Die Bühne zuerst definieren
Nur in seltenen Fällen gilt es, bei null zu beginnen. Die Kunden kommen mit Vorstellungen, Vorschlägen und Bebilderungen. Das alles muss dann der entsprechende Berater filtern und auf einen Nenner herunter brechen. Dieser wird logischerweise auch durch das vorhandene Budget vorgegeben. «Der Preis ist etwas vom Ersten, was bei einer Beratung angesprochen werden sollte», stellt Krummenacher klar. Es nütze nichts, dem Kunden als Erstes mit exklusiven Produkten den Mund wässrig zu machen, die er sich dann letztlich gar nicht leisten könnte. «Zurückstufen ist immer schwerer als aufstocken.» Diese Weisheit gilt im Übrigen für den ganzen Bau. «Leider denkt man an die Bodenbeläge oftmals erst am Schluss, wenn sowohl die Küche als auch die Sanitäranlagen bereits definiert sind», bemängelt der CEO. Dieses Vorgehen sei in zweierlei Hinsicht falsch. Einerseits verbleibe dann für diese Sparte nur noch ein Restbudget, mit dem es auszukommen gilt und das oftmals nicht mehr viel Spielraum zulässt. Und andererseits sei es auch unlogisch: «Der Boden ist doch im Grunde genommen die Bühne, auf der alles andere stattfindet. Und diese Bühne sollte schon in der ersten Phase definiert werden, damit das Restliche darauf abgestimmt werden kann.»
Zum Unternehmen
Belcolor AG Flooring nimmt in der Schweiz die Stellung des marktführenden Generalimporteurs von Bodenbelägen ein. Die Kernkompetenz besteht darin, als topaktuelles Schaufenster der Weltproduktion zu fungieren. Das Unternehmen verbinden individuelle Beratung, termingerechte Bemusterung und fachtechnische Unterstützung mit erstklassiger Logistik und vorbildlichen After-Sales-Dienstleistungen. Jedem Produktebereich und den technischen Artikeln steht ein Spezialist vor, der sein Gebiet aus dem Effeff kennt. Mit ausgewählten Partnern aus Design, Produktion und Handel wählen und finden diese das optimale Paket an Dienstleistungen.

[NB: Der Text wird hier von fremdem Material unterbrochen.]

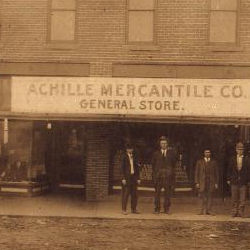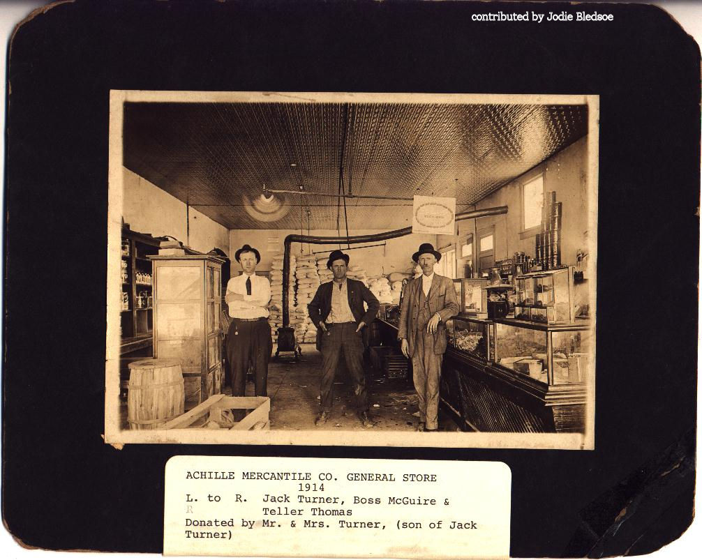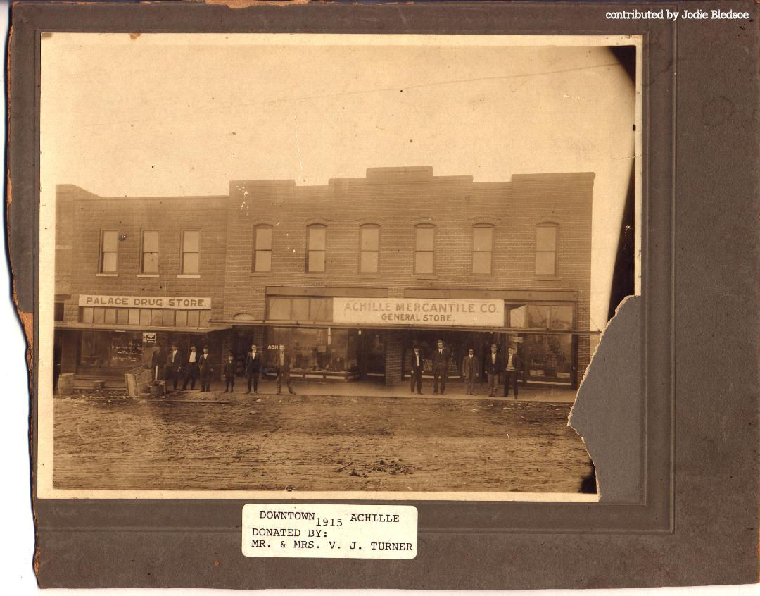 Achille is located twelve miles south of the county seat of Durant and at the intersection of State Highways 78 and 91. Three miles southeast of present-day Achille the Methodist Episcopal Church had opened the Bloomfield Academy for Chickasaw girls in 1853. At that time the area was located in the Chickasaw Nation, Indian Territory. The community developed after the Missouri, Oklahoma and Gulf Railroad built a line from Calvin (Hughes County, Oklahoma) to the Red River in 1908 10. A post office, designated as Achilla, was established on June 10, 1910. The name was changed to Achille on August 5, 1910. According to historian George H. Shirk, the moniker is a corruption of a Cherokee word, atsila, meaning fire. During the Civil War (1861-65) Cherokee refugees had located in the area and called it atsila. Surrounded by fertile land, farmers produced cotton and corn. By 1911-12 Achille had an estimated population of fifty. Residents had organized Baptist and Methodist Episcopal churches and supported three general stores, a bank, a meat market, a lumberyard, a cotton gin, and two physicians. In 1918 the community, with an estimated six hundred citizens, was served by the Achille Telephone Company and the weekly Achille Press published by J. H. Lindsay. Also, at that time a second cotton gin was operating. The first federal census for Achille reported 500 inhabitants in 1920. The censuses for 1930, 1940, and 1950 indicated populations of 383, 356, and 383, respectively. In the 1930s in addition to agricultural pursuits an iron foundry provided employment. During the 1940s and 1950s several gas stations and grocery stores, a lumberyard, and a cotton gin continued to serve the populace. By 1960 the census numbers declined to 294, and the railroad line was abandoned on May 8, 1965. Since that time Achille has seen an increase from 382 residents counted in 1970 to an official peak number of 506 tabulated in 2000. At the turn of the twenty-first century the Achille school system, serving a dispersed rural area, had an enrollment of 501 in grades prekindergarten through twelve. Of those employed 95.3 percent commuted to work in larger urban centers.

Als Tochtergesellschaft des europaweit grössten Bodenbelagsvertriebs-Konzerns Headlam Group plc. kann das Unternehmen ein feinmaschiges Netzwerk nutzen. Um eine umfassende Qualität sicherzustellen, hat sich die Belcolor als Gesamtunternehmung in den Bereichen Handel, Bodenbelagskonzeption und Produkteentwicklung nach ISO 9001 zertifizieren lassen. Partner sind Markenhersteller und Bodenbelagshersteller, für die man als Generalimporteur den exklusiven Vertrieb in der Schweiz sicherstellt. Durch Homedecor International und Copa ist Belcolor auch international vernetzt.